Karén Mirzoyan chose to photograph people in Armenia, where he lives, who had seriously considered or unsuccessfully attempted suicide.

He noticed that within his subjects, a fire had been rekindled when they failed to kill themselves.

“Something or someone prevented them from committing suicide at the last moment. These are people who have been very close to death by their own hand,” says Karen, who currently works for the armenianow.com online magazine in Armenia after four years as a photojournalist with a number of publications in the country.

He has also exhibited in Armenia and undertaken a number of photographic projects. Karen lives in Yerevan and attended a World Press Photo seminar there in 2004.
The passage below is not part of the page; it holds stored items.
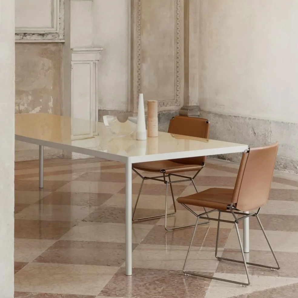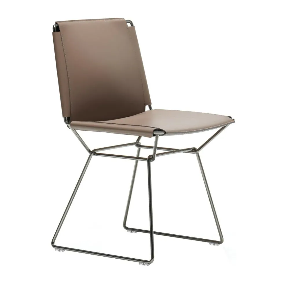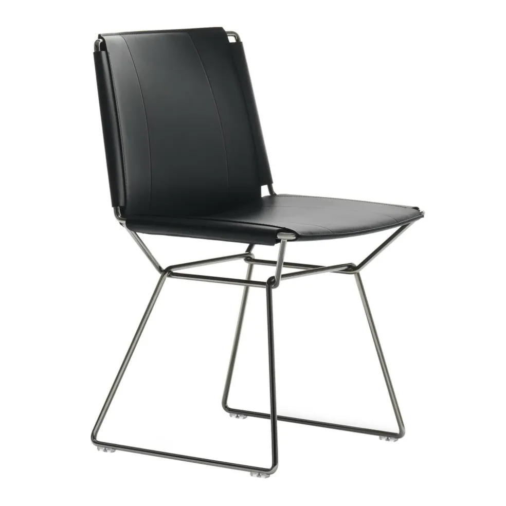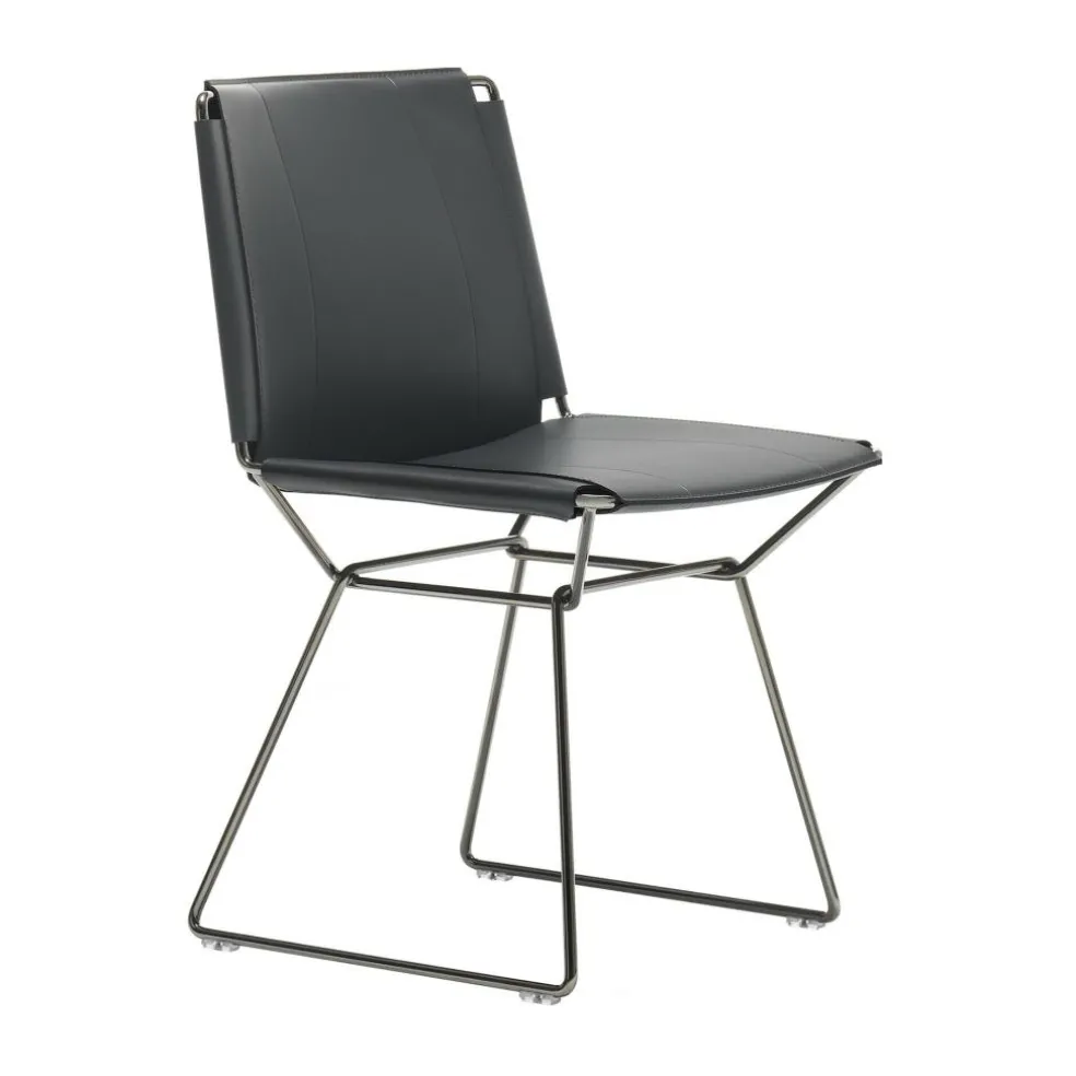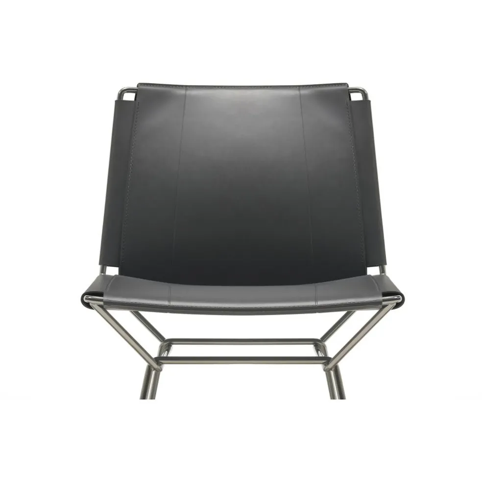 Der Blickfang des puristisch gearbeiteten Stuhls ist das raffinierte Gestell aus verchromtem Stahl. Das Untergestell zeigt eine umgedrehte U-Form, sodass der Stuhl auf zwei Kufen steht. Es wird vom Stahlgestell der Sitzfläche getragen, wodurch eine einzigartige Architektur entsteht. Kleine Schoner aus Kunststoff an der Unterseite der Kufen schützen den Fußboden. Die rechteckige Sitzfläche und die für einen bequemen Sitz leicht nach hinten geneigte Rückenlehne sind jeweils zweilagig mit dickem Sattelleder bespannt. Nähte mit festem Garn und gepresste Rillen verleihen eine haptische Struktur. Das Leder entsteht in Handarbeit in Italien und wird zugunsten einer reduzierten Schadstoffbelastung ökologisch gegerbt.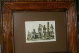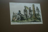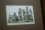 RARE & AUTHENTIC 19C FRAMED ITALIAN ANTIQUE H.C HAND COLORED HISTORICAL ENGRAVING OF AUSTRALIA ABORIGINES FROM BERNIERI ANTIQUE TRAVEL BOOK MATTED AND CUSTOM FRAMED IN BAMBOO FRAME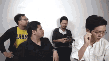 A group of men, including one in an 'ARMY' shirt, react with 'WHAT ?' in a 'Next Xter' moment.
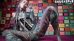 Skinny goth lesbians whip shaved pussies during strap-on anal bdsm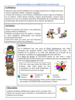 La guía presenta la biblioteca escolar "Gabriel y Galán" para estudiantes, maestros y padres. Explica que la biblioteca contiene libros clasificados por tema y nivel de lectura, así como otros recursos como videos y revistas. Detalla los horarios de apertura, préstamos de libros y normas de conducta para cuidar los materiales y mantener un ambiente de aprendizaje.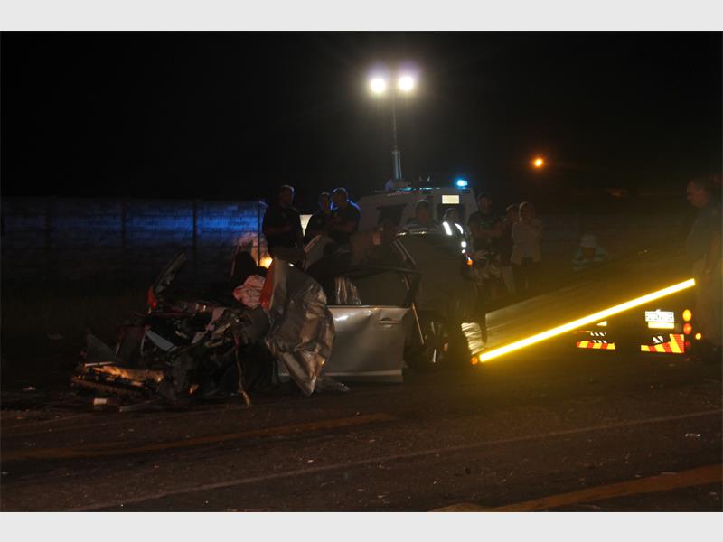 According to sources on the scene the truck was travelling on Albertina Sisulu Road from Krugersdorp when the driver either did not stop or its brakes failed at the Corlett Avenue intersection. The driver of the mangled sedan managed to crawl from the vehicle to the pavement regardless of having a broken leg. Emergency services had to use the Jaws of Life and struggled for more than an hour to free the passenger. She was airlifted to hospital.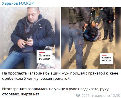 В Нацполиции Харьковской области ASPI news сообщили, что больше в результате инцидента никто не пострадал. Сообщение о взрыве правоохранители получили в 11.46. Наспецлинию "102" звонила женщина, которая сообщила, что в ее квартиру, расположенную на проспекте Гагарина, пришел ее бывший муж и угрожает гранатой. В квартире находится сестра заявительницы и ребенок 5 лет.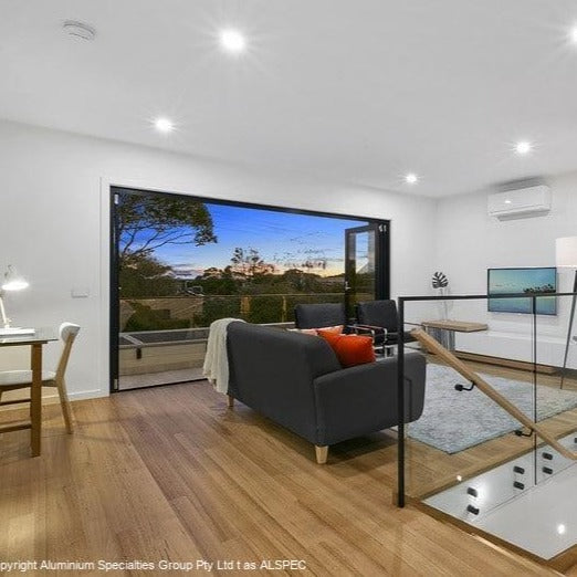DESCRIPTION: For a modern designer look, the Bi-Fold Door extrusions are a consistent 85mm wide face on both the stiles and rails. This allows a balanced visual face and allows a vast array of hardware lock options.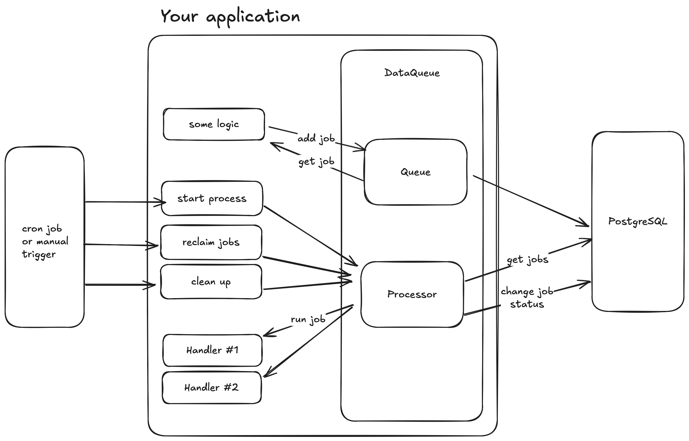 DataQueue is a lightweight library that helps you manage your job queue using a PostgreSQL or Redis backend. It has three main components: the processor, the queue, and the job. It is not an external tool or service. You install DataQueue in your project and use it to add jobs to the queue, process them, and more, using your own existing database.

“The subject is very topical in Armenia where the number of suicides grows,” he continues. During 2004, three hundred and fifty five people took their own lives. During the first four months of 2005 another 131 people are dead.”

“But these are just statistics. I am very interested about the thoughts a person has during his or her last seconds, what makes them take the step.”

The people who agreed to be photographed do not show the faces they had at the time of their unsuccessful attempts, says Karen. Indeed, many of them now laughingly look back on a difficult period of their life.






Tatevik Yeganyan from Yerevan in Armenia, attempted suicide on her eighteenth birthday in June 2003, in Spain.

Now twenty, Tatevik had been having problems with her adopted parents, which is why she was sent to Spain. When her mother failed to ring her on her birthday, Tatevik considered throwing herself out of a window on the second floor.

However, imagining herself after the suicide lying on the ground she changed her mind. Tatevik thought relations with her parents would change when she returned home but they didn’t.

Tatevik did make an unsuccessful attempt by cutting her veins after her return to Armenia hoping, she says, to draw her parents’ attention to her and the treatment she was receiving from her mother.